I was watching CNN this morning when I heard the anchor refer to Michael Baigent and Richard Leigh, the authors of The Holy Blood, The Holy Grail as historians. Baigent and Leigh are news-worthy because they are suing Dan Brown, author of the Da Vinci Code for stealing material from their book. While I have no opinion on whether Brown lifted material from The Holy Blood or not, I do not like seeing Baigent and Leigh referred to as historians. Their work does not in any way meet the standards of history.

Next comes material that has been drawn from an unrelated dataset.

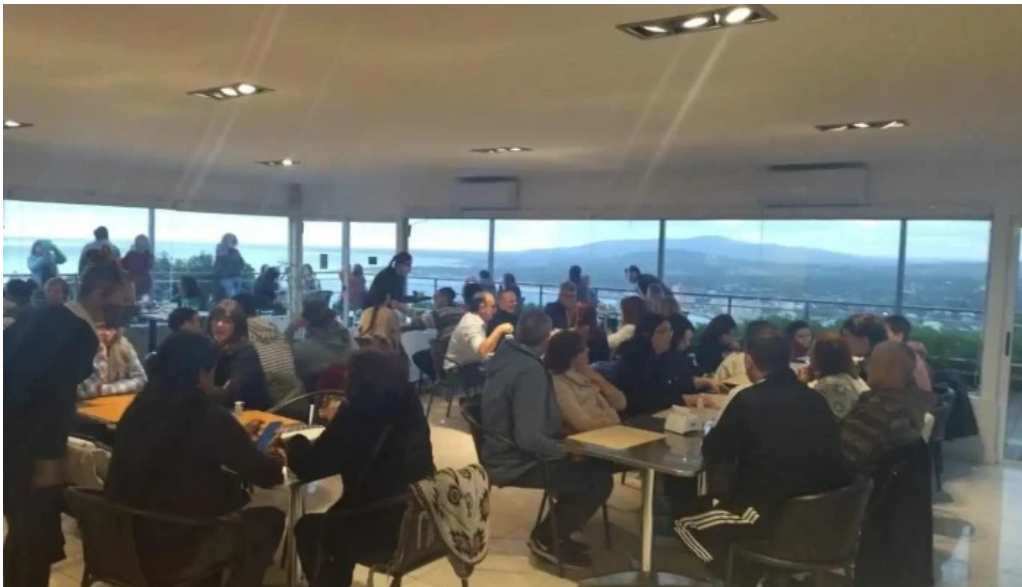
Restaurante puerto alto piriapolis

When Charles Wood of Dartmouth College reviewed Baigent's and Leigh's work in The Journal of Interdisciplinary Studies, he argued that it was not a "serious scholarly book" and that it did not measure of up to other history texts in terms of "approach, methodology, and research design". In addition, it doesn't appear that either of the authors have any training in history. Michael Baigent obtained a degree in psychology from Canterbury University and worked primarily as a photojournalist before becoming interested in the Templars. While Richard Leigh does have a Ph.D. from Stony Brook University (although I can't find his dissertation listed in dissertation abstracts), it is apparently in comparative literature (according to his publisher), not history.
So neither by training, nor by approach and methodology are Baigent and Leigh historians. Therefore, PLEASE stop calling them that.